Le Boyau de la Mort, à Dixmude. © Belga

Yser : la Belgique à la Une de l’actualité mondiale en octobre-novembre 1914

Vincent Genot
Vincent Genot Rédacteur en chef adjoint Newsroom

La bataille de l’Yser est à la Une de l’actualité mondiale en octobre-novembre 1914. Les Belges réussissent à y stopper les Allemands grâce aux inondations.

Octobre-novembre 1914. Toute la Belgique est occupée. Toute ? Non. Une poignée d’irréductibles résistent à l’envahisseur sur l’Yser, fleuve côtier de Flandre occidentale. Pendant ces deux mois, le secteur de Dixmude et de Nieuport fait même la Une de l’actualité mondiale. Car les forces belges, aidées par des Français et des Britanniques, réussissent à y stopper l’offensive allemande.

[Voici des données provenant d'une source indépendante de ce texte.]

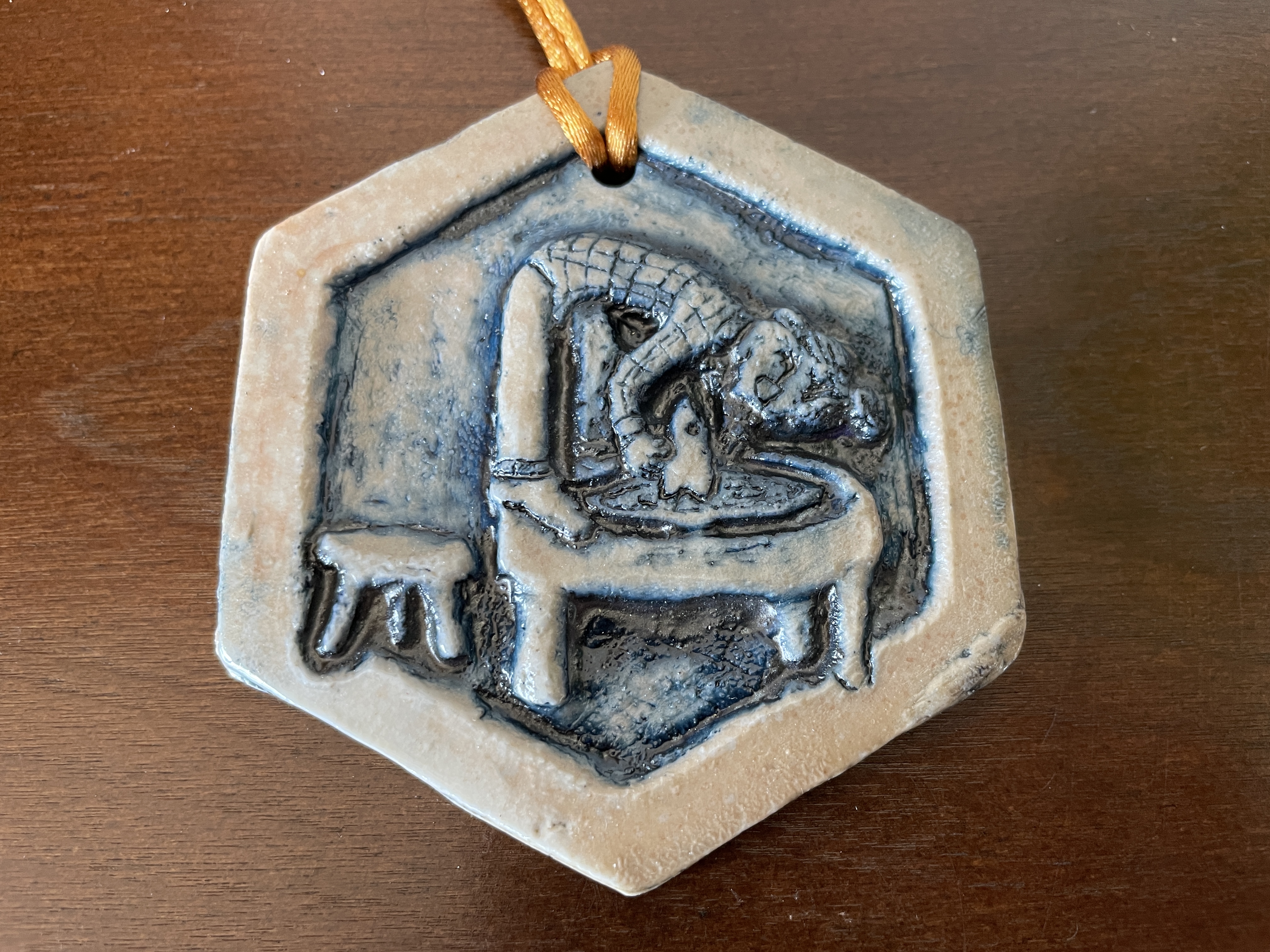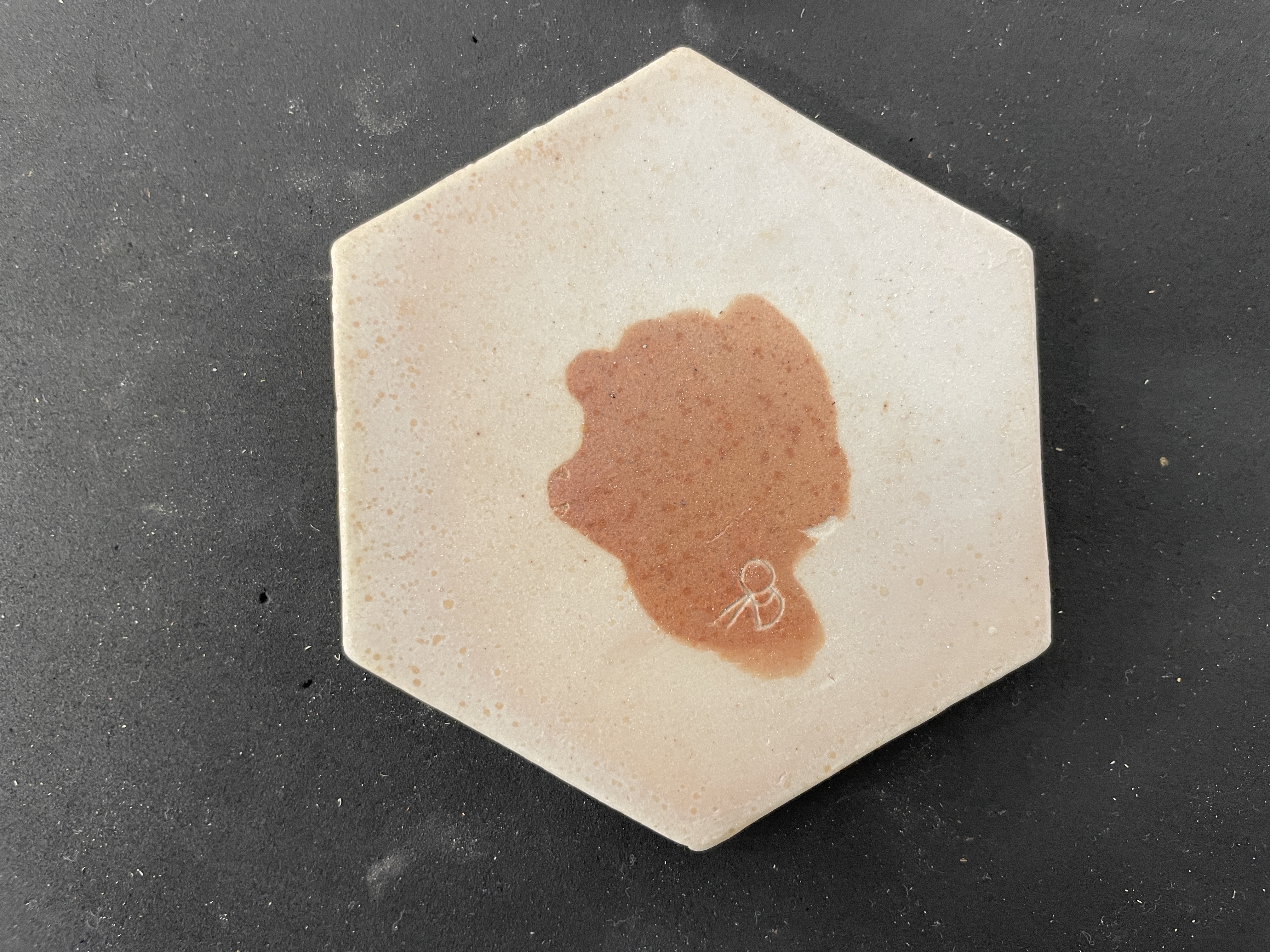 First, I hand carved the tiles and then used to make a reference press-mold. Castings from this mold were then used to create several two-part slipcasting molds, including molds for the half tiles around the perimeter. The tiles were glazed with custom glazes I mixed for this project and then fired to Δ10 in an electric kiln.

Inonder la région, une fois de plus

Déployés sur un front boueux de trente-huit kilomètres, 75 000 belges et 4 000 fusiliers marins français résistent aux attaques allemandes de plus en plus violentes. A force de tirer, les canons sont mis hors d’usage et les munitions commencent à manquer. Profitant d’une accalmie, les troupes du génie ouvrent le déversoir de Noordvaart. Sous l’effet de la marée, l’eau envahit le champ de bataille et stabilise le front pendant quatre ans. « Cette zone avait déjà été inondée dans un but défensif une vingtaine de fois depuis la guerre de Cent Ans, jusqu’à la période révolutionnaire, précise Luc De Vos, professeur d’Histoire à l’Ecole royale militaire à Bruxelles. Il s’agissait alors de se protéger des Français. »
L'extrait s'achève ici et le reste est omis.